Follow-up of distributed website architecture: analysis of zookeeper technology

http://www.cnblogs.com/sharpxiajun/archive/2013/06/02/3113923.html

Zookeeper is a sub-project of hadoop. Although it is derived from hadoop, I found that zookeeper is out of the scope of hadoop to develop the application of distributed framework more and more. Today I want to talk about zookeeper. This article does not talk about how to use zookeeper, but what are the practical applications of zookeeper, what types of applications can take advantage of zookeeper, and finally how zookeeper can play a role in distributed website architecture.

  Zookeeper is a highly reliable coordination system for large distributed systems. From this definition, we know that zookeeper is a coordination system, and the object of its role is a distributed system. Why do distributed systems need a coordination system? The reason is as follows:

  developing distributed systems is difficult, and the difficulty is mainly reflected in the "partial failures" of distributed systems. "Partial failure" means that when information is transmitted between two nodes in the network, if the network fails, the sender cannot know whether the receiver has received the message, and the cause of this failure is very complex, the receiver may appear Network error The message may have been received before, or may not have been received, or the recipient's process died. The only way the sender can get the truth is to reconnect to the receiver and ask the receiver why it was wrong. This is the "partial failure" problem in distributed system development.

  Zookeeper is a framework for solving "partial failures" of distributed systems. Zookeeper does not allow distributed systems to avoid the "partial failure" problem, but allows distributed systems to correctly handle such problems when encountering partial failures, so that distributed systems can run normally.

  Now I want to talk about the actual application scenarios of zookeeper:

  Scenario 1: There is a group of servers that provide a certain service to the client (for example: the server side of the distributed website I made earlier is a cluster of four servers that provides services to the front-end cluster), we hope that the client requests each time The server can find a server in the server cluster, so that the server can provide the client with the services required by the client. For this scenario, our program must have a list of this group of servers. Every time the client requests, this server list is read from this list. Obviously, this sub-list cannot be stored on a single-node server, otherwise the node will hang up and the entire cluster will fail. We hope that this list will be highly available. The high-availability solution is: the list is distributed and managed by the servers that store the list. If a server in the storage list fails, other servers can immediately replace the broken server. , and can delete the broken server from the list, let the failed server exit the operation of the entire cluster, and all these operations will not be performed by the failed server, but by the normal servers in the cluster. This is an active distributed data structure that can actively modify the state of data items when external conditions change. The Zookeeper framework provides this service. The name of this service is: Unified Naming Service, which is very similar to the JNDI service in javaEE.

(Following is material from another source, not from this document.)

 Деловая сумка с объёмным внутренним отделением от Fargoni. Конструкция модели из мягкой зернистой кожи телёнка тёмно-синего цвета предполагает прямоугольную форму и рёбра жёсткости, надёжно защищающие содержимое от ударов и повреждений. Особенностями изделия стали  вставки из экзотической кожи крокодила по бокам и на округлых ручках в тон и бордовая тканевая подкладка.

  Scenario 2: Distributed lock service. When a distributed system manipulates data, for example: reading data, analyzing data, and finally modifying data. In a distributed system, these operations may be scattered on different nodes in the cluster, then there is a problem of consistency in the data operation process. If it is inconsistent, we will get an incorrect operation result. In the distributed system, the problem of consistency is easy to solve, but it is more difficult in the distributed system, because the operations of different servers in the distributed system are in independent processes, and the intermediate results and processes of the operations are also transmitted through the network, then It is much more difficult to achieve consistency in data operations. Zookeeper provides a lock service to solve such a problem, allowing us to ensure the consistency of data operations when doing distributed data operations.

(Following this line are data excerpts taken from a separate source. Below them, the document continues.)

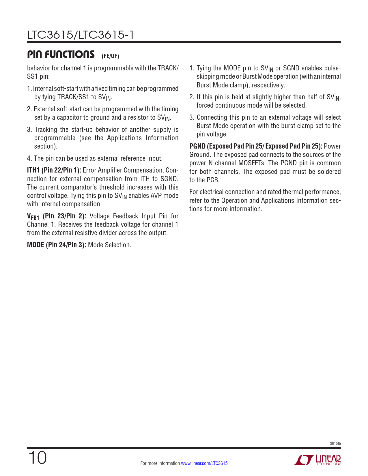 LTC3615/LTC3615-1 pin FuncTions (FE/UF) behavior for channel 1 is programmable with the TRACK/ 1. Tying the MODE pin to SVIN or SGND enables pulse- SS1 pin: skipping mode or Burst Mode operation (with an internal 1. Internal soft-start with a fixed timing can be programmed Burst Mode clamp), respectively. by tying TRACK/SS1 to SVIN. 2. If this pin is held at slightly higher than half of SVIN, 2. External soft-start can be programmed with the timing forced continuous mode will be selected. set by a capacitor to ground and a resistor to SVIN. 3. Connecting this pin to an external voltage will select 3. Tracking the start-up behavior of another supply is Burst Mode operation with the burst clamp set to the programmable (see the Applications Information pin voltage. section). PGND (Exposed Pad Pin 25/ Exposed Pad Pin 25): Power 4. The pin can be used as external reference input. Ground. The exposed pad connects to the sources of the power N-channel MOSFETs. The PGND pin is common ITH1 (Pin 22/Pin 1): Error Amplifier Compensation. Con- for both channels. The exposed pad must be soldered nection for external compensation from ITH to SGND. to the PCB. The current comparator’s threshold increases with this control voltage. Tying this pin to SV For electrical connection and rated thermal performance, IN enables AVP mode with internal compensation. refer to the Operation and Applications Information sec- tions for more information. VFB1 (Pin 23/Pin 2): Voltage Feedback Input Pin for Channel 1. Receives the feedback voltage for channel 1 from the external resistive divider across the output. MODE (Pin 24/Pin 3): Mode Selection. 3615fb 10 For more information www.linear.com/LTC3615 Document Outline Features Applications Description Typical Application Absolute Maximum Ratings Pin Configuration Order Information Electrical Characteristics Typical Performance Characteristics Pin Functions Functional Block Diagram Operation Applications Information Typical Applications Package Description Revision History Typical Application Related Parts
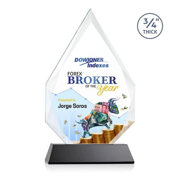 The classic Hawthorne 3/4" thick Starfire Crystal Award is the pinnacle of achievement recognition. Brilliantly beveled to highlight your message with interchanging facets that rise to a sparkling peak. Available on your choice of clear or colored tall tapered base. Second Position Etch & Colorfill optional.
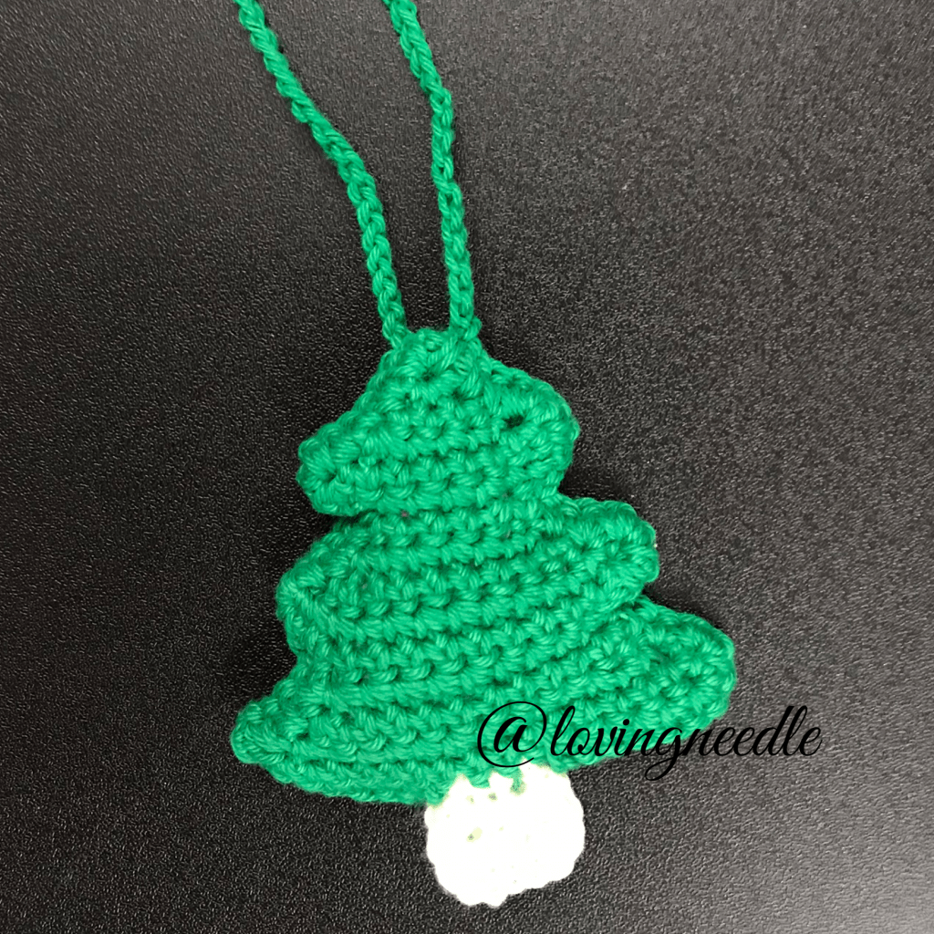 - Attach green yarn to the base of the tree trunk with a slip stitch. SC/DC through both layers around to top of the tree. Add 3 stitches in each corner. At R1. CH45, SL into R1 (Or desired loop length). SC/DC through both layers down to the trunk. Make 3 stitches in each corner.

  Scenario 3: Configuration management. In a distributed system, we will deploy a service application to n servers respectively, and the configuration files of these servers are the same (for example: in the distributed website framework I designed, there are 4 servers on the server side, 4 The programs on the server are the same, the configuration files are the same), if the configuration options of the configuration files change, then we have to change these configuration files one by one. If we need to change less servers, these operations are not too much. Trouble, if we have a lot of distributed servers, such as the hadoop cluster of some large Internet companies with thousands of servers, then changing configuration options is a troublesome and dangerous thing. At this time, zookeeper can come in handy. We can use zookeeper as a highly available configuration storage, and hand over such things to zookeeper for management. We copy the configuration file of the cluster to a node in the file system of zookeeper. Then use zookeeper to monitor the status of configuration files in all distributed systems. Once a configuration file is found to have changed, each server will receive a notification from zookeeper, so that each server can synchronize the configuration files in zookeeper, and the zookeeper service will also ensure synchronization. Operational atomicity ensures that each server's configuration file is updated correctly.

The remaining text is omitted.